Finding talent in a decreasing pool

 

The role of HR more than ever is to help management deliver more output for a given total salary cost or deliver the same output for a lower total salary cost.

The problem is that despite the GFC, unemployment is low, diminishing the available pool of talent. The GFC has also created unhappy employees, unrewarded despite ever increasing workloads and although hanging on to their jobs, they are ready to jump to the next business that promises a better situation.

Employers need to change their traditional recruitment strategies to improve the chances of hiring the right person first time.

The reality is that recruitment techniques, the traditional interview, panel interview, reference checks, and psychometric testing all create a sophisticated enough process to find good candidates, even great candidates. The problem is that they are often the wrong candidate for the role. Research has identified that 30% of people believe they are in the wrong job. Why, because recruitment processes focus on experience instead of what a person is innately good at.

  1. When managers brief recruiters to fill a role, the focus is generally on listing the hard skills required in the role. That is, how many years of experience, or what level of education is essential to perform well in that role. But diversification of jobs has created so many sub-categories of role that it is hard to find anybody who has the precise experience and skills to match a very specific job description. Fewer candidates apply or ever make the first cut and this creates further scarcity.

  2. Then when it comes to the interview and making the appointment, the focus moves away from hard skills to a set of subjectively defined soft skills.

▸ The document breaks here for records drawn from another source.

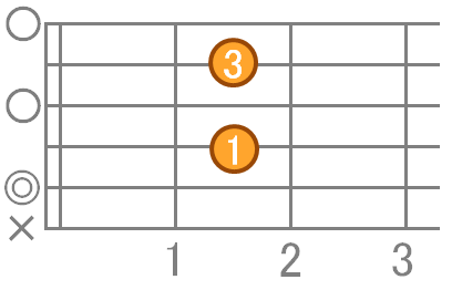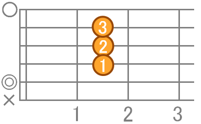 人差指で4弦2フレット、中指で3弦2フレット、薬指で2弦2フレットを押さえます。
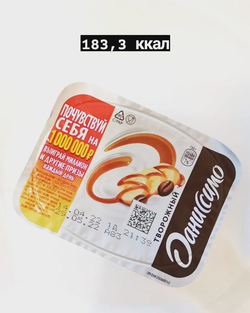 Продукт творожный с наполнением "банан в карамели и кофе" 🤤 Массовая доля жира 5,8% УПАКОВКА: пластиковая баночка, всё такая же по форме как и другие баночеки с творожками других вкусов☺ Светлая баночка с металлизированной пленкой которая разделена на три части: одна коричневая с лого; другая в белом цвете с изображением героев вкуса; А на ещё одной предлагают выйграть миллион 🤪 ВНЕШНИЙ ВИД : Открыв крышечку сразу чувствуется очень насыщенный аромат кофе🤤 Сам творожок обладает нежно- коричневатым оттенком. Он однородный, нет в нём никаких вкраплений, никаких фруктовых кусочков. Так что, банан тут только в виде пюре, перемешанного с творожной массой. По густоте средне, и текстура очень нежная😏 ВКУС: во вкусе творожка ощущается карамель, и ещё более отчётливо ощущается именно банан🍌 Вкус бананового пюре прям на передний план выходит, а потом уже и карамельная сладость ощущается и кофейное послевкусие😏 Вообще вкусное сочетание и не приторно сладко получилось 👌 Очень кофейный аром
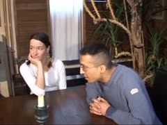 Geile Blondine mit Brille bläst den fetten Schwanz
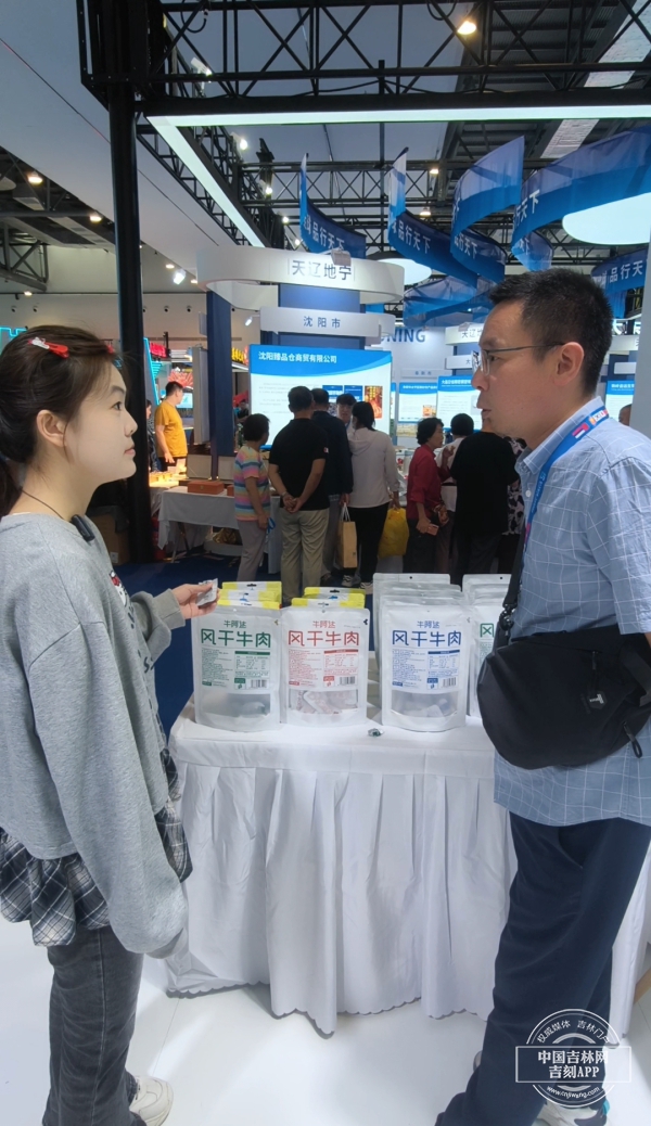 一旁的周思岐,则在内蒙古展区找到了“童年味道”。2001年出生的她,看到展区里的牛肉干和奶制品,瞬间想起小时候的记忆,“这些都是从小吃到大的,看到就觉得亲切。”而展区里展示的“内蒙古五畜”的工艺品是她第一次见到,让她发现了家乡文化的“陌生面”——“之前完全没了解过,还是问了工作人员、又查了百度才知道,原来家乡还有这么有特色的文化符号。”
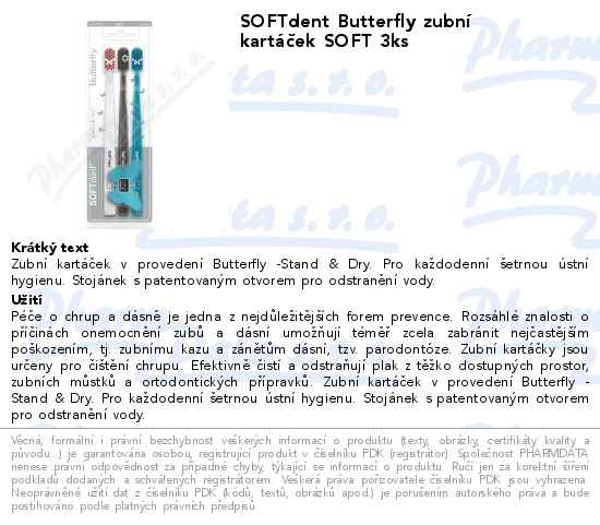 SOFTdent Butterfly zubní kartáček SOFT 3ks
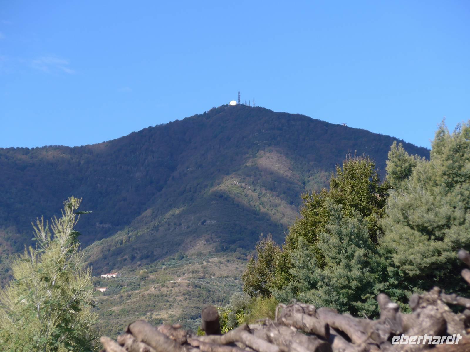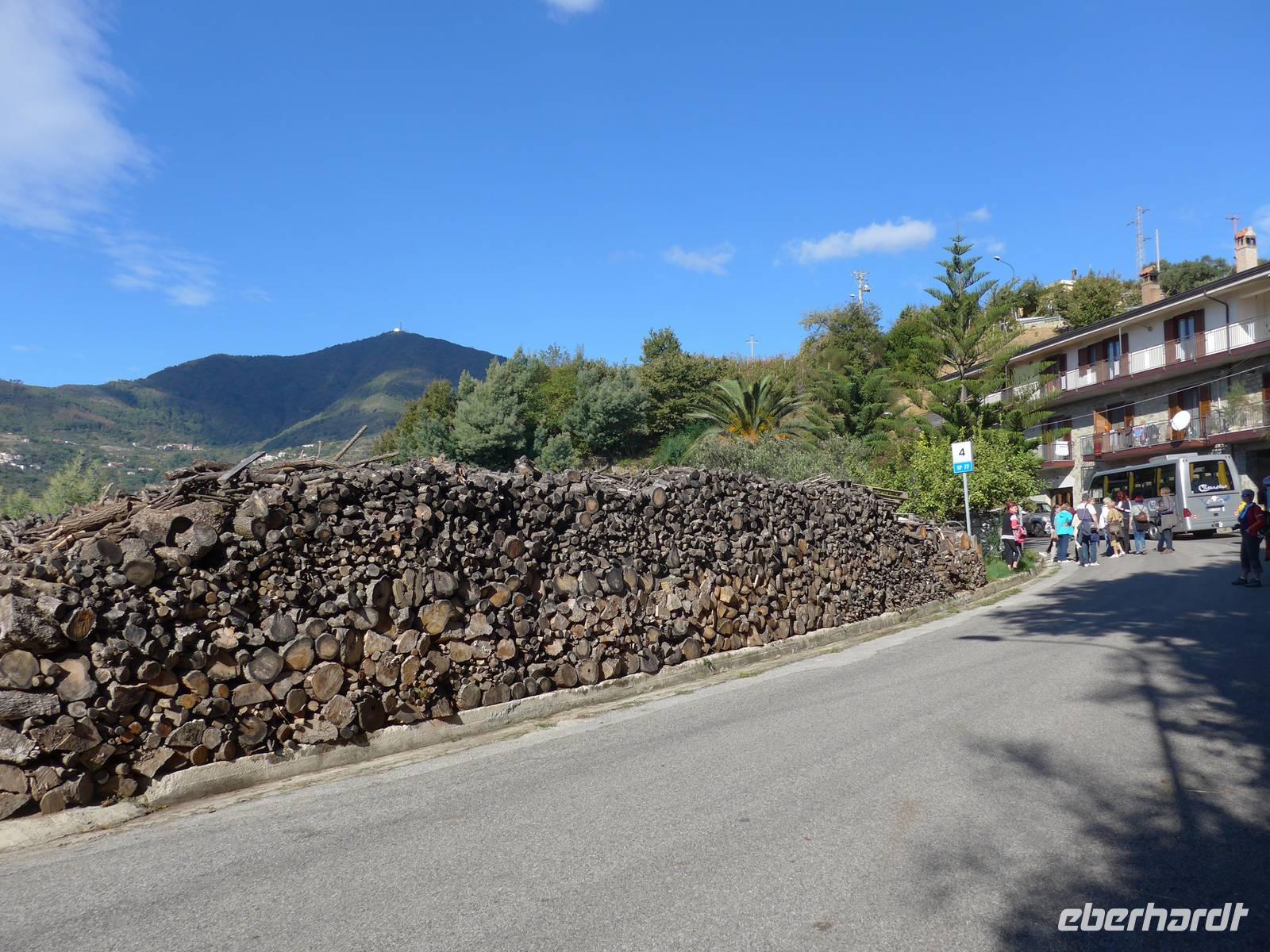 Ein kleiner, wendiger Bus hat große Vorteile. Er brachte uns auf sehr schmalen und steilen Straßen immer bergan, durch Kastanienhaine bis auf eine Höhe von 1130 Meter. Der Monte Stella ist ein allein stehender Berg nahe der Küste und so hatten wir von oben einen grandiosen Ausblick in alle Richtungen. Während alle die Aussicht genossen, richteten Maura, Ria und Fahrer Massimo das Picknick her. Ein langer Holztisch wurde gedeckt und es gab Tomatensalat mit Zwiebeln und vielen Gewürzen, Mozarella und Brot. Der zweiten Gang war ein Auflauf bestehend aus Aubergine, Tomatensose und Schafskäse. Wir hatten den Gipfel des Monte Stella fast für uns allein, machten nochmals ein Gruppenfoto und verabschiedeten uns von Massimo, unserem Fahrer der letzetn 6 Tage. Die Rückfahrt zum Hotel dauerte eineinhalb Stunden und bescherte uns zum Abschied nochmals herrliche Aussichten auf den Cilento bei Sonnenschein. Den restlichen Nachmittag nutzten wir nochmals für ein Bad im Meer, zum Kofferpacken und für einen Spaziergang auf der Strandpromenade. Jeder bkam seine Flasche Olivenöl und die bestellten und handsignierten Kochbücher wurden ausgegeben. Am Abend feierte man in Pioppi das Alici-Fest und so wurden Stände aufgebaut und Holz für ein Lagerfeuer aufgetürmt.
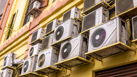 The stacks of air conditioner in the back of shopping mall, store and apartment at the wall of a building.
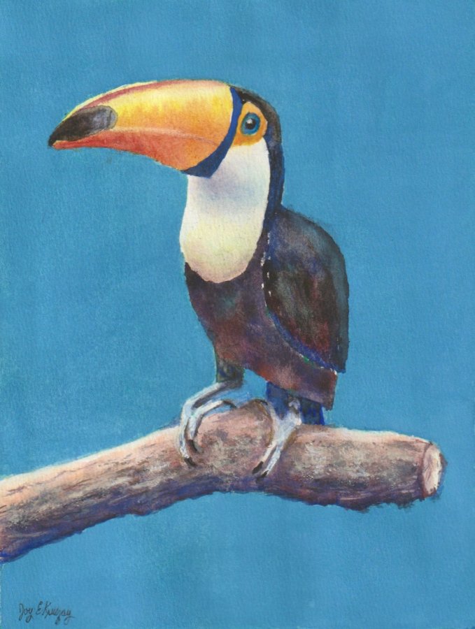 Esta es una pintura de acuarela que mide 8 x 11, realizada en una prensa en frío Baohong 140. Este Toco Tucán se completó como parte de otro desafío del foro. Originalmente, iba a hacer que el cielo de fondo fuera de un color azul cobalto pálido y transparente, pero ese color se veía muy veteado en otro papel más barato, y tampoco me gustó cómo se veía en ese papel. Como tenía suficiente azul, apliqué algunas capas para obtener una apariencia suave. Es un color bastante opaco, por lo que generalmente no se recomienda. También «rompí» otra regla de la pintura con acuarela con Ivory Black. Se mezcla con otros colores de las plumas del ave. En lugar de limitar mi paleta como lo haría normalmente, utilicé una variedad de colores para pintar las ramas, así como las sombras del pájaro y su pico.
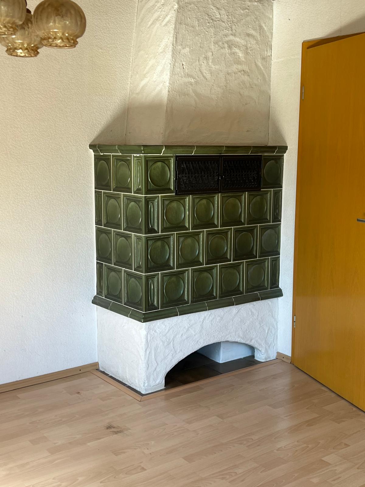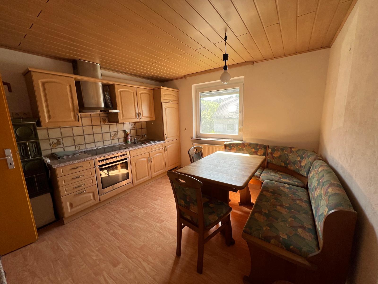Die Immobilie verfügt über ein Badezimmer mit einer Badewanne sowie einer separaten Toilette. Zudem ist eine Einbauküche im Haus vorhanden. Der Kachelofen ist mittig zwischen Wohnküche und Wohnzimmer gesetzt, so das beide Zimmer damit erwärmt werden können. Alle Fenster sind mit Rollläden ausgestattet, um die Räume bei Bedarf abzudunkeln. Die Qualität der Ausstattung wird als einfach beschrieben, was darauf hinweist, dass es sich um eine solide Grundausstattung handelt.
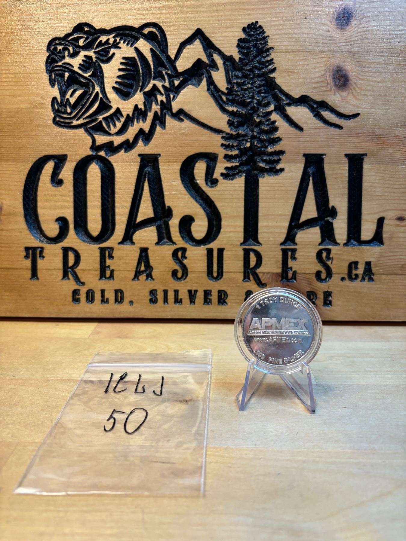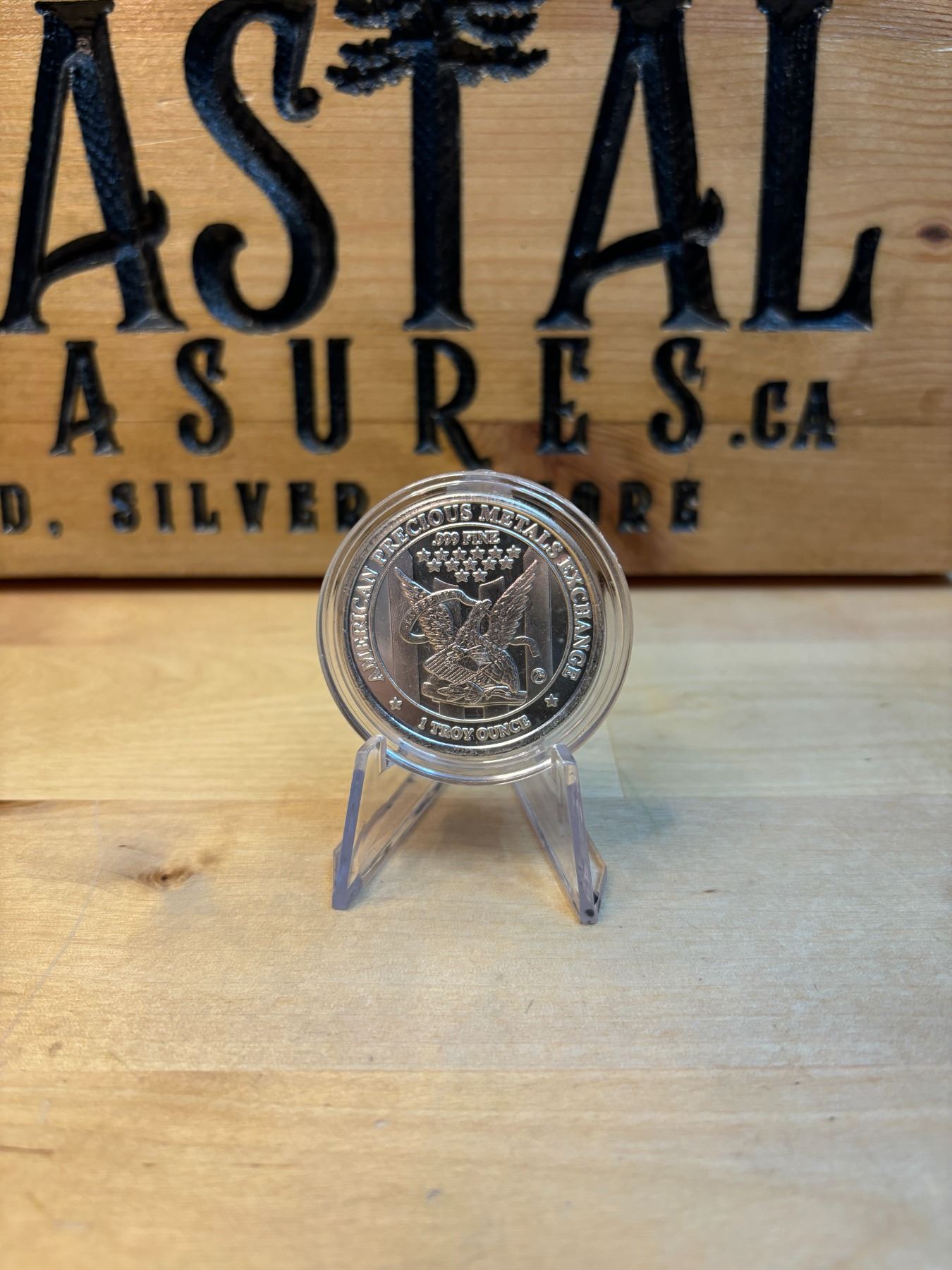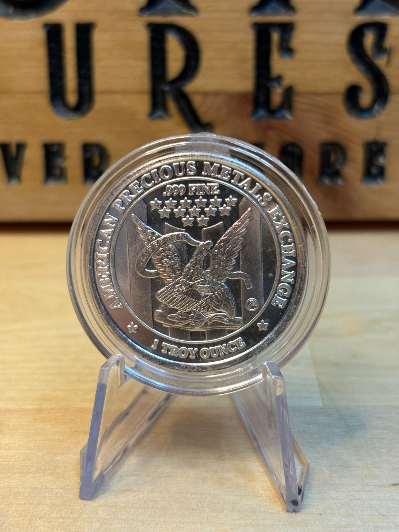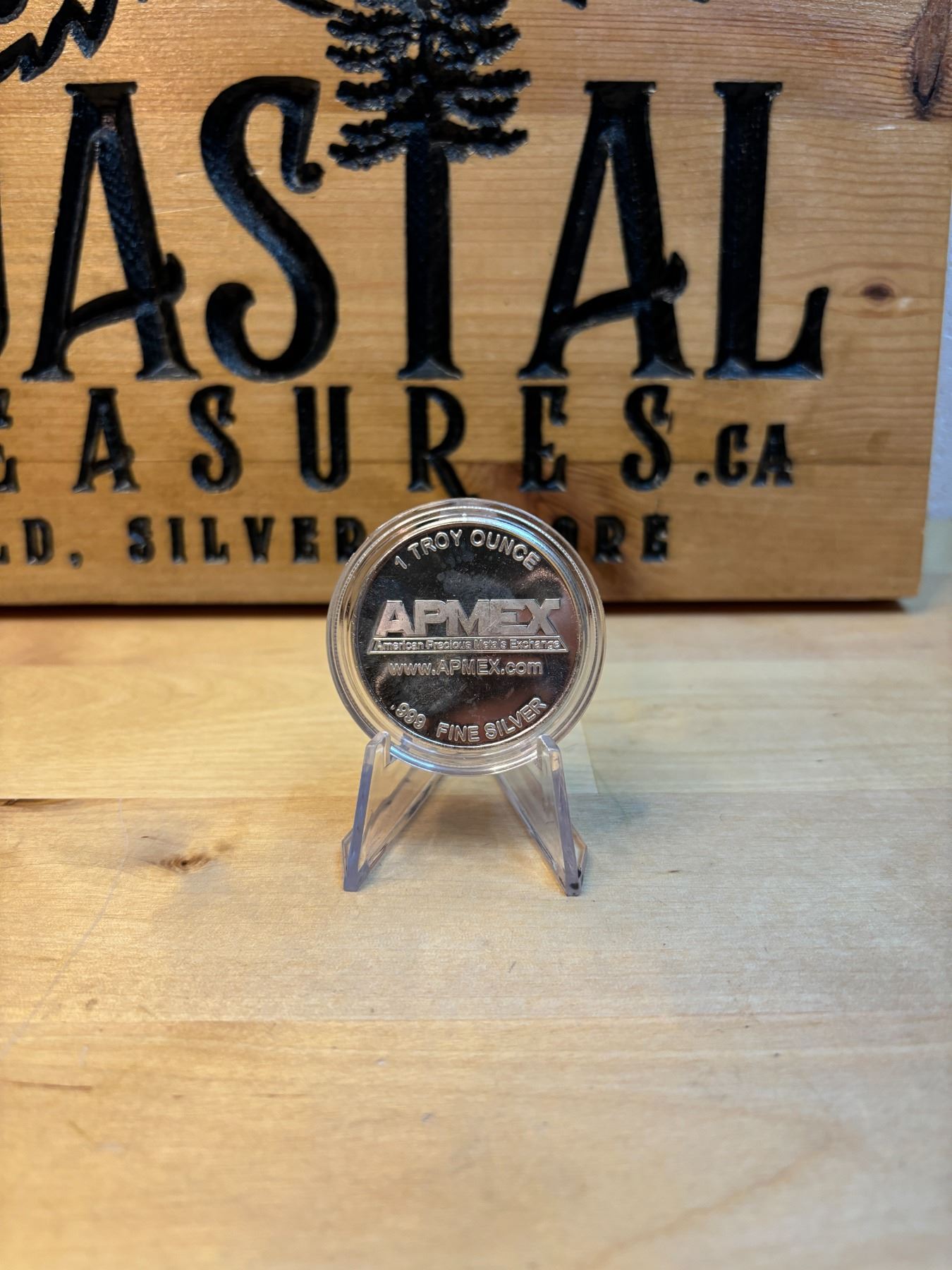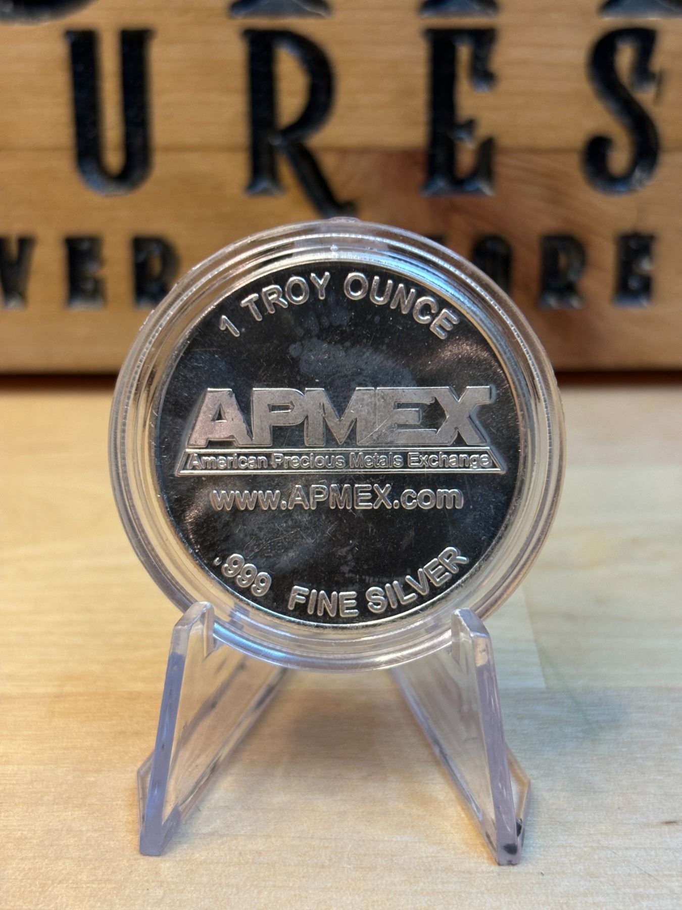 The 1 oz APMEX Silver Round is a bullion round produced by APMEX, a well-known precious metals dealer. It contains 1 ounce of .999 fine silver and typically features the APMEX logo or other simple designs. While these rounds have no face value, their worth is based on the silver content, with a potential premium for their quality and the trusted APMEX brand. These rounds are popular among investors and collectors due to their purity, weight, and the reputation of APMEX as a reliable issuer.

Whilst interviewing is necessary to get a sense of the candidate's personality, the process is ineffective at identifying the necessary traits for high performance in a particular role.

    • Most of us make snap judgements when dealing with others.
    • In an interview situation, judgements are made within the first four minutes and even in the face of substantial alternate information we rarely, if ever, review our initial judgment.
    • We rate fast talkers as more intelligent than slow talkers.
    • We make our interview judgments on communication skills.
    • It is extremely difficult to assess intelligence at interview.
    • Most line managers, whilst believing they are good interviewers, find recruitment decision making stressful.


The truth is that there is a lot of talent to be snapped up, if we employ a different strategy and profile jobs scientifically, matching candidate competencies to the precise role they are interviewing for.